Our older Doe- did this last time for our breeding season and never took. She kept coming into cycle wanting to be with the buck and having all the signs, but then 2 weeks later she is back into cycle again screaming for the buck. She has been bred but isnt taking. She never took last breeding season either even tho she was bred several times. I think that all of the other does have now been bred and have stopped coming into cycles, but not old Abelene. I know that not having a breeding season each year could contribute to this but she seems to be so fussy and frustrated not being bred. She has given us 3 good breeding seasons prior with twins and triplets. Maybe I should not do anything and just let her retire but she is only 7. My concern is that she has something else wrong that she keeps coming into a messy cycle. Maybe she shouldnt be bred anymore. Share your tho'ts.


----------



## happybleats (Sep 12, 2010)

sounds like might be cystic ovaries...they come into heat often, never settle...


----------



## margaret (Aug 30, 2013)

I agree, sounds like she's cystic.


----------



## packhillboers (Feb 2, 2011)

So what can be the cause of that? She has had 3 seasons. This doe was our first boer we bought before knowing much at all about goats. We bought her when she was 9 months old not knowing that she was bred at a very young age and she kidded before she was a year. Her first baby was huge and had distended tendons from a very bad placed position. (Head fully out with both legs folded way under and back to the belly which was a traumatic time for me to get that baby out- my first experience. The next births were normal with twins, then triplets- all healthy. I am just wondering if her being bred young has anything to do with this now several years later. I guess I am wondering if I should even attempt to help her get bred by giving her something? Or if I should just let things be and retire her.


----------



## nicolemackenzie (Dec 27, 2014)

She's still young enough to be bred. I would try cysterelin and weight loss if she's overweight.


----------



## nicolemackenzie (Dec 27, 2014)

I doubt it's from being bred young


----------



## happybleats (Sep 12, 2010)

Here is a link on Cystic ovaries..it has nothing to do with early breeding...
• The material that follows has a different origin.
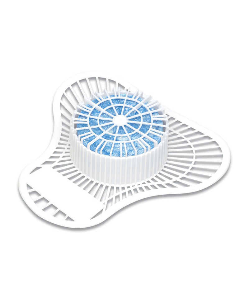 Flexible screen traps debris, protecting the urinal from unnecessary damage. Attached enzyme block cleans and deodorizes as you flush. Screen and block combo fights uric acid odors. Lasts up to 30 days.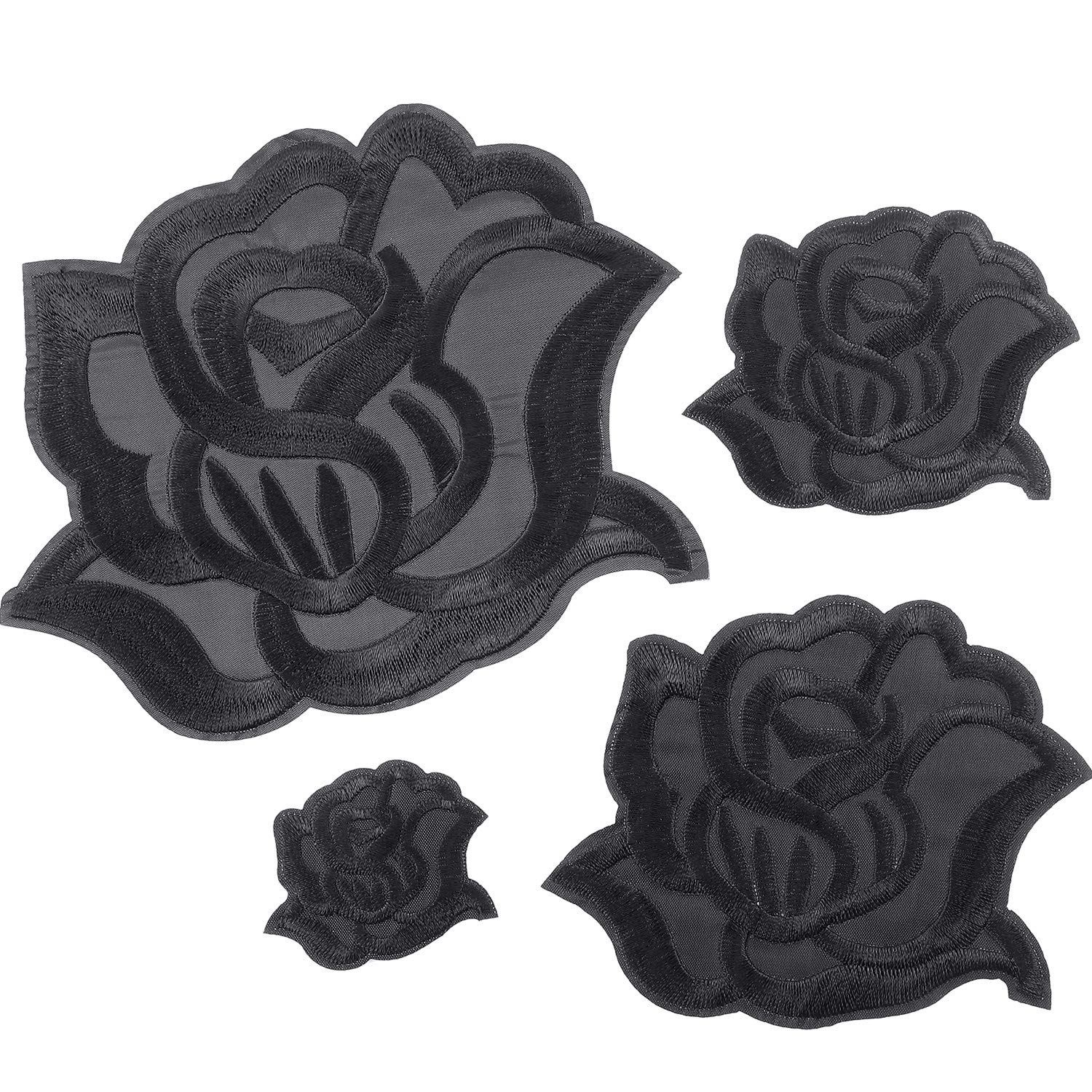 - Different sizes: you will get 8 pieces black rose flower fabric patches in 4 sizes including 1.73 x 1.49 inches, 2.95 x 2.52 inches, 3.93 x 3.34 inches, 5.35 x 4.4 inches, each size has 2 pieces, enough quantity for your clothing repairing and craft making use

http://articles.extension.org/pages...ve-failure-physiological-factors#.VkVeAWSrR1M


----------



## packhillboers (Feb 2, 2011)

Thanks Cathy, that link was very helpful and informative. I'll have to make a decision as to what I do with her. She is real messy from all of this. There was a large blob of white discharge left on the ground. It was quite a bit it seemed to me and she just keeps this up. She is a bit overweight. Last time this happened, I just ended up leaving her with the buck the whole time and she still never took although I know she was bred. I wish there was something natural for I could do for her but I will consider a shot to help. It maybe missing a year in the breeding season can mess with some Does and their hormones. There has also been an extreme cold snap of sudden change in the weather patterns. The cold came on so suddenly and in a drastic way which may have got her all messed up. I am open to any ideas on this. Thank you and that link is very very informative.


----------



## happybleats (Sep 12, 2010)

From what I learned, and I am not sure its true but in our case seems to fit is a Cystic doe can be very fat. Our Saanen Bell is so fat her back is flat!! cant get her to settle. She comes in heat often and allows the buck to do his job, but does not settle...skipping years may contribute to the problem


----------



## packhillboers (Feb 2, 2011)

I've been feeding her separate from the others to work her into a better diet control. Hoping it will help.


----------



## lottsagoats1 (Apr 12, 2014)

Could that big white blob be an infection? A uterine infection can mess up heat cycles and will prevent the fertilized egg from attaching or developing.


----------



## packhillboers (Feb 2, 2011)

lottsagoats1 said:


> Could that big white blob be an infection? A uterine infection can mess up heat cycles and will prevent the fertilized egg from attaching or developing.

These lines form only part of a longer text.